**Brief:**
Beneath this instruction is a listing; print exactly the lines in it starting at the line that contains "Dafür leuchten vom" and going through the line that contains "Boneca Reborn Gêmeos".

**Records to use:**
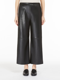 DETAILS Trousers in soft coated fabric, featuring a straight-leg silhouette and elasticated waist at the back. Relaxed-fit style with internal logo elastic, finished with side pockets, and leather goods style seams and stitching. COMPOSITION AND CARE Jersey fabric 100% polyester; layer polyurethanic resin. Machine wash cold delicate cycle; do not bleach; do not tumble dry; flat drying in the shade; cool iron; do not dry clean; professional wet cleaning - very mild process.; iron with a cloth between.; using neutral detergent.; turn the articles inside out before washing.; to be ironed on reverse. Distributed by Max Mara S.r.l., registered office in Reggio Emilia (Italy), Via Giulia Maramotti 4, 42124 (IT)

==

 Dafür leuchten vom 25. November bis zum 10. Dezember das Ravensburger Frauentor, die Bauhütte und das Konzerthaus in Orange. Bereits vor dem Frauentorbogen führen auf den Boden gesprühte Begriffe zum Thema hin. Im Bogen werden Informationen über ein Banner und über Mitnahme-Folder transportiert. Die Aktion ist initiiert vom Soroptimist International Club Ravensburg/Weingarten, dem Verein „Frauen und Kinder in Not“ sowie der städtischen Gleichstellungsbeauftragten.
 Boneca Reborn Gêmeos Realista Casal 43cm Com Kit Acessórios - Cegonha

**Your response:**
 Dafür leuchten vom 25. November bis zum 10. Dezember das Ravensburger Frauentor, die Bauhütte und das Konzerthaus in Orange. Bereits vor dem Frauentorbogen führen auf den Boden gesprühte Begriffe zum Thema hin. Im Bogen werden Informationen über ein Banner und über Mitnahme-Folder transportiert. Die Aktion ist initiiert vom Soroptimist International Club Ravensburg/Weingarten, dem Verein „Frauen und Kinder in Not“ sowie der städtischen Gleichstellungsbeauftragten.
 Boneca Reborn Gêmeos Realista Casal 43cm Com Kit Acessórios - Cegonha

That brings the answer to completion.